Housing sales, prices show market shaking off doldrums
Published: Thursday, May 22, 2014 at 5:34 p.m.
Last Modified: Thursday, May 22, 2014 at 5:34 p.m.
Alachua County's housing market continued to pick up momentum in April with a 9 percent increase in sales over April 2013 while indicators pointed to an upward trend in prices that had been recovering in fits and starts.
Realtors closed on 197 sales of existing single-family homes in April compared to 181 a year prior, while the median sale price of $177,000 was up 11 percent from $159,000, Florida Realtors reported.
Statewide sales were up 4 percent over the same period and the median price up 6 percent to $175,000 from $165,000 a year ago.
U.S. single-family sales were down 8 percent over the year but showed the first month-to-month increase of the year. The median price rose 5 percent over the year to $201,100.
Among signs that a recovery in local prices may take hold, distressed sales that typically sell at a discount dropped from 55 to 35 over the year while the median sale prices jumped 75 percent for foreclosures and 67 percent for short sales.
Sales of all homes below $100,000 plummeted, while sales in the $400,000 to $600,000 range were up 220 percent with 16 sales, contributing to a 23 percent increase in the overall average sale price to $214,429 from $174,770 a year ago.
“What we're seeing here is people willing to pay more for homes,” Craig Wilburn, a broker with Bosshardt Realty Services, said during the Gainesville-Alachua County Association of Realtors Top Producer Forum on Wednesday.
As the inventory of lower-priced homes diminishes, he said would-be buyers in that range are becoming renters again. New listings priced at $200,000 or less were down while higher-priced listings were up significantly.
Total new listings were up at the local, state and U.S. level as sellers who had been on the sidelines decided it is a good time to sell.

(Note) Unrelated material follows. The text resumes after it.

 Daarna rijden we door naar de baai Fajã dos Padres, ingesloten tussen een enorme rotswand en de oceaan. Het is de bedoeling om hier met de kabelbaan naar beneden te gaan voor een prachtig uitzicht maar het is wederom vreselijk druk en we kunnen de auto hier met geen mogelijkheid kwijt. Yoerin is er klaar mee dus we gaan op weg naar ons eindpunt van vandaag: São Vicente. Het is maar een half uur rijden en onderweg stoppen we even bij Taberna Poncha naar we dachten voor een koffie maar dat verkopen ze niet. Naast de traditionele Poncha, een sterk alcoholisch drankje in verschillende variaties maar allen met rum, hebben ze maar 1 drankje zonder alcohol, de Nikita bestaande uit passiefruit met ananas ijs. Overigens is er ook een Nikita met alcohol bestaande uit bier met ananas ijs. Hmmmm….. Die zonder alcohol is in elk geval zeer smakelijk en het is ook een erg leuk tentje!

The median days on the market for sold homes was down from 92 to 81 in Alachua County, and dropped between 48 percent and 65 percent for sales between $200,000 and $300,000.
“Again, that's a sign of demand,” Wilburn said. “When the good products hit the market they sell faster.”

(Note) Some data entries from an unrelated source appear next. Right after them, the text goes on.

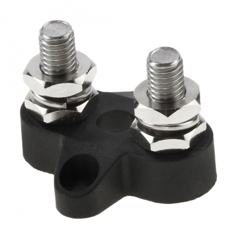 Клемма минусовая двойная с резьбовым зажимом. Основание клеммы изготовлено из армированного нейлона, контактная группа из никелированной латуни.
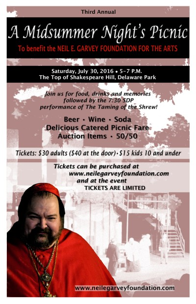 This pre-picnic for Shakespeare in Delaware Park's performance of Taming of the Shrew honors the inestimable Neil Garvey and is a fundraiser for the Neil E. Garvey Foundation for the Arts. Join Neil's friends and family to share memories, some picnic fare, and a lot of laughs on Shakespeare Hill, above the brand new stage in Delaware Park! Tickets are going quickly, so reserve yours today.
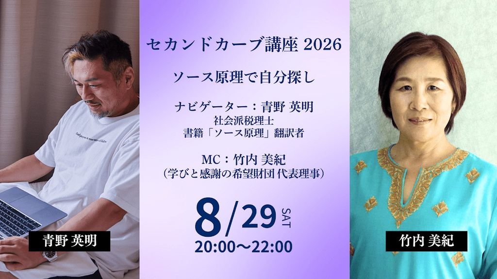 セカンドカーブ講座2023/12/2 21:382026/2/1 16:30毎月1回行われる人生経験豊富な講師陣によるオンライン講義。セカンドカーブを生きるためのヒントをいただき、学びをシェアします。自分のミッションを見つめる仲間と出会い、感謝の循環のコミュニティの形成を目指します。
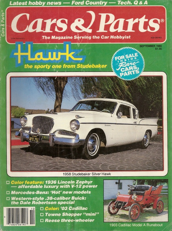 Reviews CARS & PARTS 1985 SEPT - 58 SILVER HAWK, 58 BUICK LTD, NEW MERCEDES
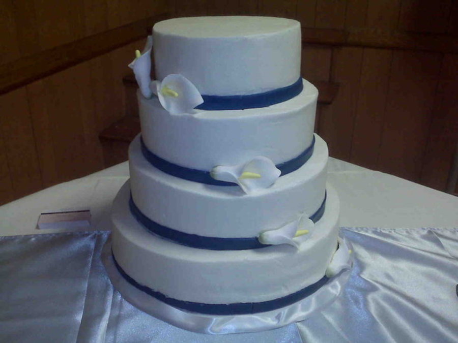 This in an all vanilla.buttercream cake with gum paste calla lilies. 14", 12", 10" and 8" rounds. 4" high triple layer vanilla cake with vanilla buttercream. Fondant blue border.
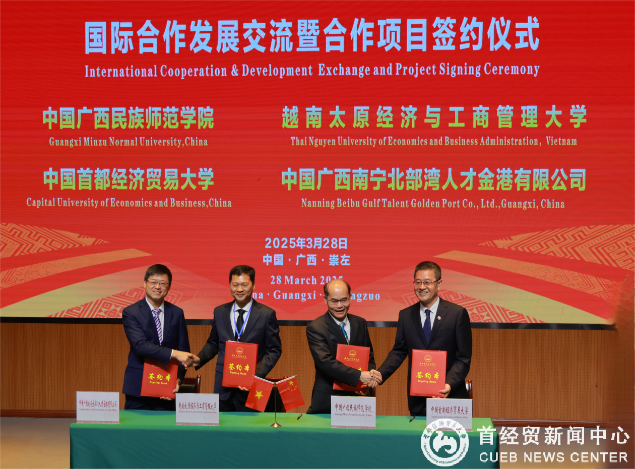3月28日,党委常委、副校长杨奎带队赴广西民族师范学院签署国际教育合作联盟协议及中越校企四方(中国广西民族师范学院、越南太原经济与工商管理大学、中国首都经济贸易大学以及中国广西南宁北部湾人才金港有限公司)合作协议。来自越南、泰国、老挝等东盟国家的政府及高校代表以及广西崇左市政府、高校及企业代表齐聚一堂,共商民族和国际文化交流交融。

Statewide short sales declined 51 percent for single-family homes and 58 percent for condos as rising prices reduced the number of short-sale candidates, according to Florida Realtors chief economist John Tuccillo.
Lawrence Yun, chief economist for the National Association of Realtors, said the increase in U.S. sales from March to April was inevitable after a subpar first quarter, but improved inventory also expanded choices.
Local condo sales jumped 69 percent to 66 from 39 a year ago and the median sale price was up 12 percent to $79,250 from $70,500.
“I think that there is more general improvement in the economy so parents are buying again for their student children and seeing it again as an investment,” said Gary Thomas, GACAR president and broker with Re/Max Professionals. “The condo market was so overbuilt that it had to go through a cycle of cleansing. People are buying again.”